How AI settled the complexity of the oldest SGD algorithm
arXiv:2606.29593v1 Announce Type: cross Abstract: In 1937, Stefan Kaczmarz proposed a simple algorithm for solving systems of linear equations. This algorithm turned out to be the earliest known example of stochastic gradient descent, a ubiquitous computing paradigm that drives the training of...
In a remarkable piece of intellectual archaeology, researchers have formally proven the computational complexity of the 1937 Kaczmarz algorithm, confirming it as the earliest known instance of stochastic gradient descent (SGD). The paper, posted on arXiv, settles a long-standing theoretical question about an algorithm that predates the modern AI era by decades. Stefan Kaczmarz originally devised this iterative method for solving systems of linear equations, but it has since been recognized as a foundational precursor to the optimization techniques that now power deep learning.
What Happened
The research provides a rigorous complexity analysis of the randomized Kaczmarz algorithm, demonstrating its convergence properties and establishing its place in the lineage of SGD. While practitioners have long used variants of this method—particularly in computerized tomography and signal processing—its theoretical underpinnings as a stochastic optimization algorithm were not fully formalized until now. The analysis shows that the algorithm’s per-iteration complexity and convergence rate align with modern SGD theory, effectively retrofitting a 1930s idea into the contemporary machine learning framework.
Why It Matters
This finding is significant for several reasons. First, it closes a historical gap in optimization theory, showing that the core mechanism of SGD—randomly selecting a single equation (or data point) to update parameters—was operational decades before the term “stochastic gradient descent” was coined. Second, it validates the intuition that simple, iterative methods can be surprisingly powerful. The Kaczmarz algorithm’s resilience to noise and its ability to converge without full-batch computations prefigured the efficiency gains that make modern large-scale training feasible.

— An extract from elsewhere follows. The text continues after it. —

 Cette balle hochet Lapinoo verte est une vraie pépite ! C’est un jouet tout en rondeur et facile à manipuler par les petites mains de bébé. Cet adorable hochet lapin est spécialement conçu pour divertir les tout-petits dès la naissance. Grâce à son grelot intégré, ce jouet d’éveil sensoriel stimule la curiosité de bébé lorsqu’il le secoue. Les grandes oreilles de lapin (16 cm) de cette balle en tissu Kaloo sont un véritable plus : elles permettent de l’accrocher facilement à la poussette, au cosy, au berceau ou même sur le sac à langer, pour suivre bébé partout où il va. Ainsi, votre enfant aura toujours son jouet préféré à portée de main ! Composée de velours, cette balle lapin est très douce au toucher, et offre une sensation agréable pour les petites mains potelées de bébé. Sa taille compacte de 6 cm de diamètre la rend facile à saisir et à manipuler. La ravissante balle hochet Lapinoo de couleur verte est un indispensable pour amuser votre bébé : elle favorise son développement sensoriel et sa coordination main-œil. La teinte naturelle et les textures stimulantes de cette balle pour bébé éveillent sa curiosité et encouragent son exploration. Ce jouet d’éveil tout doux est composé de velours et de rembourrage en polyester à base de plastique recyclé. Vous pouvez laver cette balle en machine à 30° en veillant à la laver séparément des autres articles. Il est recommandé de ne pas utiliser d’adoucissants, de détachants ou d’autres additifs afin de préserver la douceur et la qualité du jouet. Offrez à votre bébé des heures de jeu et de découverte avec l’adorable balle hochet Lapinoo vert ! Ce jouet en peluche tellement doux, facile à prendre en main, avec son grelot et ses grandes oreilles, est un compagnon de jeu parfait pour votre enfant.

For the AI community, this is a reminder that many “new” ideas in machine learning have deep roots. The algorithm’s success in medical imaging (e.g., CT scan reconstruction) already demonstrated its practical utility, but the complexity proof now gives theoreticians a clean model to study. It also reinforces the importance of randomized algorithms in high-dimensional spaces—a lesson that remains central to training large language models and neural networks today.
Implications for AI Practitioners
While this result is primarily theoretical, it has practical resonance. Understanding that SGD’s lineage includes a deterministic-looking solver for linear systems can help practitioners appreciate why stochastic methods work so well on overdetermined problems. The Kaczmarz algorithm’s structure—cycling through rows of a matrix—maps directly to mini-batch training in deep learning, where each batch is a random subset of the data. The complexity proof offers guarantees that such randomized updates will converge under specific conditions, which can inform learning rate scheduling and batch size selection.

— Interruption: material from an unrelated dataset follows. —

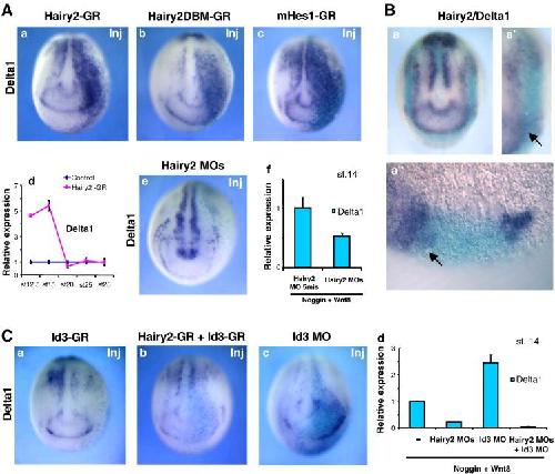 Genes referenced: bax bcl2 dlc dll1 hes1 hes2 hes4 hes5.10 hes5.5 hey1 id3 msx1 myc notch1 pax3 six1 snai2 sox10 sox15 sox3 sp6 srrt stat3.2 tbx2 tubb2b

Moreover, this research highlights the value of revisiting classical algorithms with modern tools. As AI scales, the efficiency of SGD and its variants becomes paramount. Knowing that a 1937 algorithm already captured the essential trade-off between computation per step and convergence speed may inspire new hybrid approaches that blend classical numerical methods with deep learning.
Key Takeaways
- The 1937 Kaczmarz algorithm has been formally proven to be the earliest known instance of stochastic gradient descent, with a complete complexity analysis now available.

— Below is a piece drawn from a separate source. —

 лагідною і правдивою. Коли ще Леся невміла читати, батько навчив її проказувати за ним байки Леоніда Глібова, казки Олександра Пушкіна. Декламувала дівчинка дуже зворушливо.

- This result bridges a historical gap in optimization theory, showing that SGD’s core mechanism predates modern AI by over 50 years.
- For practitioners, the proof reinforces the theoretical validity of randomized update schemes, which underpin efficient training in large-scale machine learning.
- The work encourages a deeper appreciation of classical algorithms, suggesting that revisiting old methods can yield insights for contemporary AI challenges.